Childfree people in history: Helen Gurley Brown

By Victoria Fryer 

Helen Gurley Brown is a well-known figure, but divisive in that some people call her a progressive feminist, and others vehemently disagree with that statement. Brown, who died in 2012, is perhaps most famous for her 32 years at Cosmopolitan magazine as editor-in-chief. It was there—and in books she published, like Sex and the Single Girl (1962) and Having it All (1982)—where she espoused her sex-positive philosophy.

In many ways, Brown tried to redefine what it meant to be a woman. As a New York Times article says of Brown: “[I]f, in 1963, sex did cease to be quite so clandestine a pleasure—especially for unmarried females—that was, in part, her doing.”

But was that philosophy liberating for women, or regressive? It’s a question often debated when people talk about Brown’s legacy. Today, Cosmopolitan magazine is not viewed as a particularly feminist publication (an understatement, perhaps). Instead, much of its content is focused on how to please men.

In addition, Brown believed in working hard to make oneself attractive. As she is reported in the NYT as saying, “What you have to do is work with the raw material you have, namely you, and never let up.”

However, Brown was also a hard-working, savvy business woman who put much effort into her career. And she was in favor of all women working. She believed in women being self-sufficient. The NYT article writes, “It was always against her principles to quit her day job—’A job gives a single woman something to be’—but not against them to work the night shift as a kept woman.”

Commonly among more famous childfree or childless women, we see those who have worked as an activist for women’s rights and been very focused on careers.
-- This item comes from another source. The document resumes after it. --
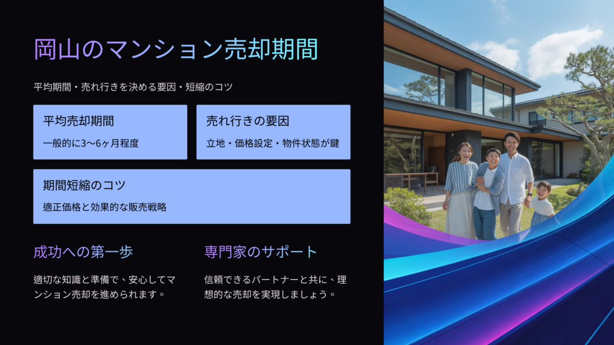 この記事では、岡山のマンション売却期間の平均を押さえたうえで、

Brown believed that women should be able to pursue more than they had in, say, the 1950s and ‘60s.

Unfortunately, some of her suggested methods for going about that pursuit are in direct conflict with what many of us see as feminist ideals today.

Whether you agree that Brown was a feminist or not, we can’t deny her passion for her work and her ideals. She certainly made a name for herself. But is this the kind of woman that reinforces unfair stereotypes about childless and/or single women? She was, after all, very focused on herself—some might even use the term “selfish.”

I’m curious to hear what others think.